* EXERCISE DESCRIPTION: Although the data below contains pictures, output only the lines between those holding "在学校老师的带领下他来到中南" and "Mid-century modern 2004", inclusive, exactly and without those pictures.

* PROVIDED INFORMATION:
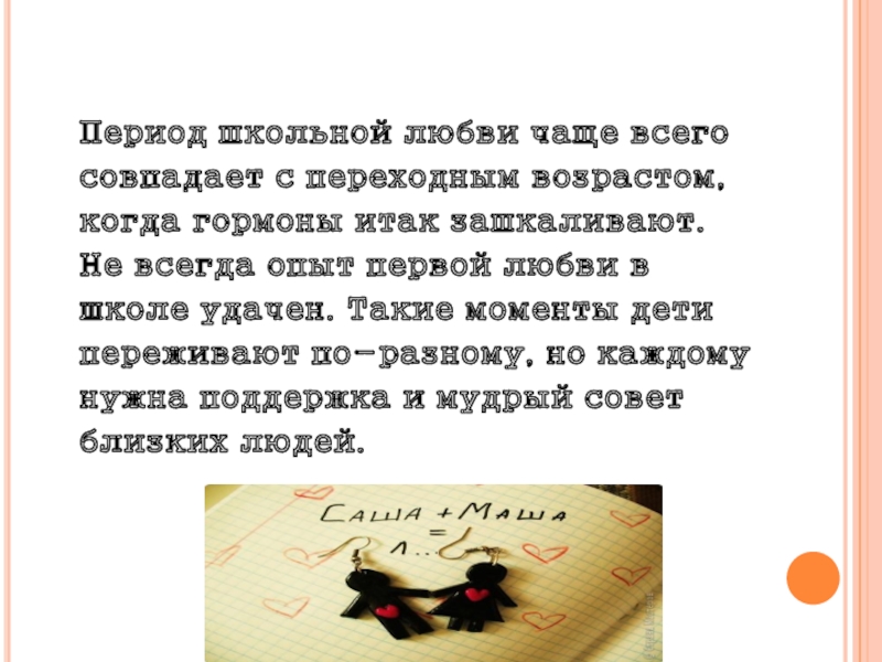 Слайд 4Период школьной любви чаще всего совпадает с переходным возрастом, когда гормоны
--
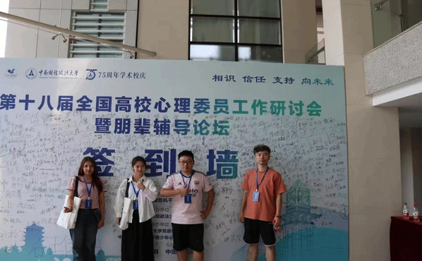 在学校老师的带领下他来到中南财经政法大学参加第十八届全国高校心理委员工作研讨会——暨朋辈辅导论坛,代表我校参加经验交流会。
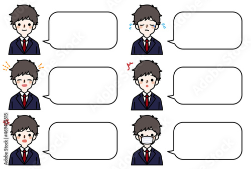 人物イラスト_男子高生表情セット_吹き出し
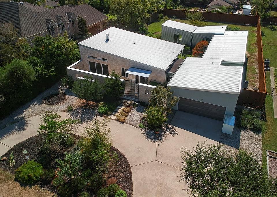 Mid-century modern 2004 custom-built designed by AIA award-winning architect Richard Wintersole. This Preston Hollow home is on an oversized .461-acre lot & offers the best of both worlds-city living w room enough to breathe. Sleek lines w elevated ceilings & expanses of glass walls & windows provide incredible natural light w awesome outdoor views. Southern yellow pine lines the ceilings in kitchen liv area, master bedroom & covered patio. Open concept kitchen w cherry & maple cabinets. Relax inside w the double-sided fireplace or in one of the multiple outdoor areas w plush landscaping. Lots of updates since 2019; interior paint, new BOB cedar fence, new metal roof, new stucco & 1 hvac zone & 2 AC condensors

* ANSWER TO THIS EXERCISE:
 在学校老师的带领下他来到中南财经政法大学参加第十八届全国高校心理委员工作研讨会——暨朋辈辅导论坛,代表我校参加经验交流会。
 人物イラスト_男子高生表情セット_吹き出し
 Mid-century modern 2004 custom-built designed by AIA award-winning architect Richard Wintersole. This Preston Hollow home is on an oversized .461-acre lot & offers the best of both worlds-city living w room enough to breathe. Sleek lines w elevated ceilings & expanses of glass walls & windows provide incredible natural light w awesome outdoor views. Southern yellow pine lines the ceilings in kitchen liv area, master bedroom & covered patio. Open concept kitchen w cherry & maple cabinets. Relax inside w the double-sided fireplace or in one of the multiple outdoor areas w plush landscaping. Lots of updates since 2019; interior paint, new BOB cedar fence, new metal roof, new stucco & 1 hvac zone & 2 AC condensors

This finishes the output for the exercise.